Really thankful to you for all your support.

But while testing same logic for bigger input files. I saw some strange behaviour.

like

$ awk '
> FNR==NR {a[$3] = $0
>          next
>         }
>
>         {print $0, a[$3]?a[$3]:"NA"
>         }
> ' FS=, file8 file9 > FINAL1

eshaqur@IN00106004 ~/CNG_MSISDN_AUDIT
$ head -n 10 FINAL1
751234592,820011234501132,7512345921 NA
701234559,820011234501133,7012345592 NA
701234578,820011234501134,7012345783 NA
701234594,820012345481410,7123451941 NA
701234514,820012345481411,7071234542 NA
701234574,820012345481412,7012345743 NA
751234593,820012345771965,7512345931 758123453,820017123451965,7123459931
712345693,820012341234509,7123456932 755123453,821234501234509,7512345932
703123454,820012345802232,7035123453 703123454,820017312345232,7012345543
755123456,8200123454461146,71234520861 NA

whereas "712345692,820017123456132,7123456921" exists in both file8 and file9. So result should not be NA.

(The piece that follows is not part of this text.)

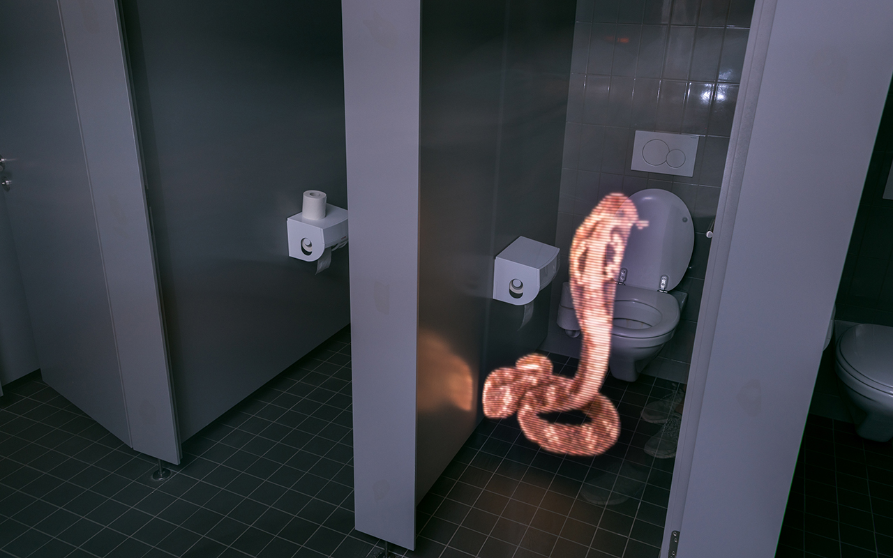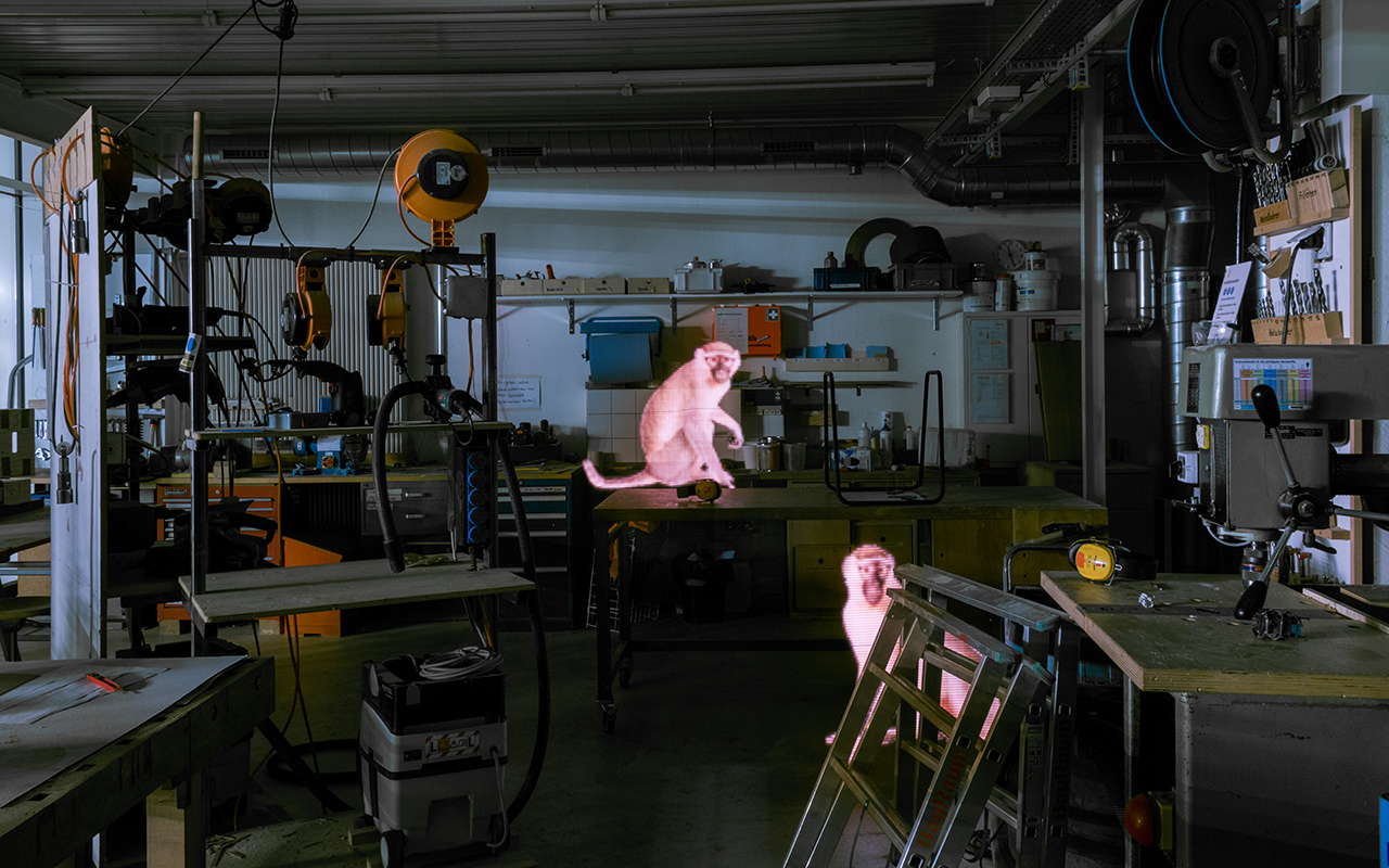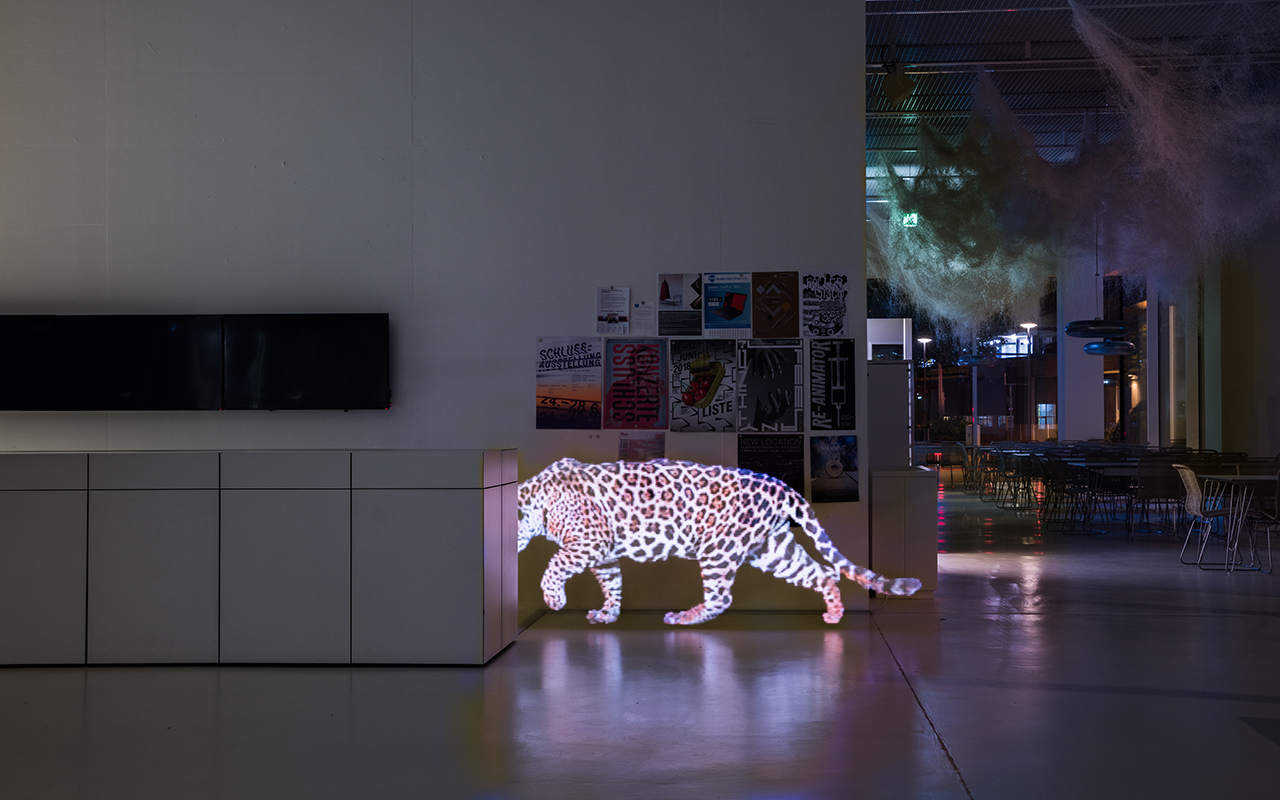 Our experimental work ironically points to students working late night at the HGK, but we also found it interesting to place creatures where they obviously do not belong. Next to the photographs we show quotes, which emphasise our thoughts. We used a LED „pixel stick“ to create the animal pictures. The longer you look at them, the more real it becomes!

eshaqur@IN00106004 ~/CNG_MSISDN_AUDIT
$ grep "712345592,820017123451132,7123455921" file8
751234592,820017312345632,7512345921

eshaqur@IN00106004 ~/CNG_MSISDN_AUDIT
$ grep "751234592,821234501501132,7123455921" file9
751234592,821234501501132,7123455921

in file8 its in line 1792131 and in file9 its at 1st line.
what could be the reason of this NA now since data is at coloumn 3 but at row 1792131.

anything can improve in code that it include lines upto 3000000 search for vlookup of column 3.

---------- Post updated at 10:33 PM ---------- Previous update was at 04:28 PM ----------

shanul karim:

its very much clear and I have tested and its working fine for my small input files.

Really thankful to you for all your support.

But while testing same logic for bigger input files. I saw some strange behaviour.

like
$ awk '
> FNR==NR {a[$3] = $0
>          next
>         }
>
>         {print $0, a[$3]?a[$3]:"NA"
>         }
> ' FS=, file8 file9 > FINAL1 
eshaqur@IN00106004 ~/CNG_MSISDN_AUDIT
$ head -n 10 FINAL1
751234592,820011234501132,7512345921 NA
701234559,820011234501133,7012345592 NA
701234578,820011234501134,7012345783 NA
701234594,820012345481410,7123451941 NA
701234514,820012345481411,7071234542 NA
701234574,820012345481412,7012345743 NA
751234593,820012345771965,7512345931 758123453,820017123451965,7123459931
712345693,820012341234509,7123456932 755123453,821234501234509,7512345932
703123454,820012345802232,7035123453 703123454,820017312345232,7012345543
755123456,8200123454461146,71234520861 NA 
whereas "75123456,820012345601132,712345921" exists in both file8 and file9. So result should not be NA.
eshaqur@IN00106004 ~/CNG_MSISDN_AUDIT
$ grep "723450592,820123451501132,7123455921" file8
723450592,820123451501132,7123455921
eshaqur@IN00106004 ~/CNG_MSISDN_AUDIT
$ grep "723450592,820123451501132,7123455921" file9
723450592,820123451501132,7123455921
in file8 its in line 1792131 and in file9 its at 1st line.
what could be the reason of this NA now since data is at coloumn 3 but at row 1792131.

anything can improve in code that it include lines upto 3000000 search for vlookup of column 3.

Finally it's solved..Thanks again for support. Actually it's resolved by copy content of input files in text format manually using ultra edit. And then apply your awk command.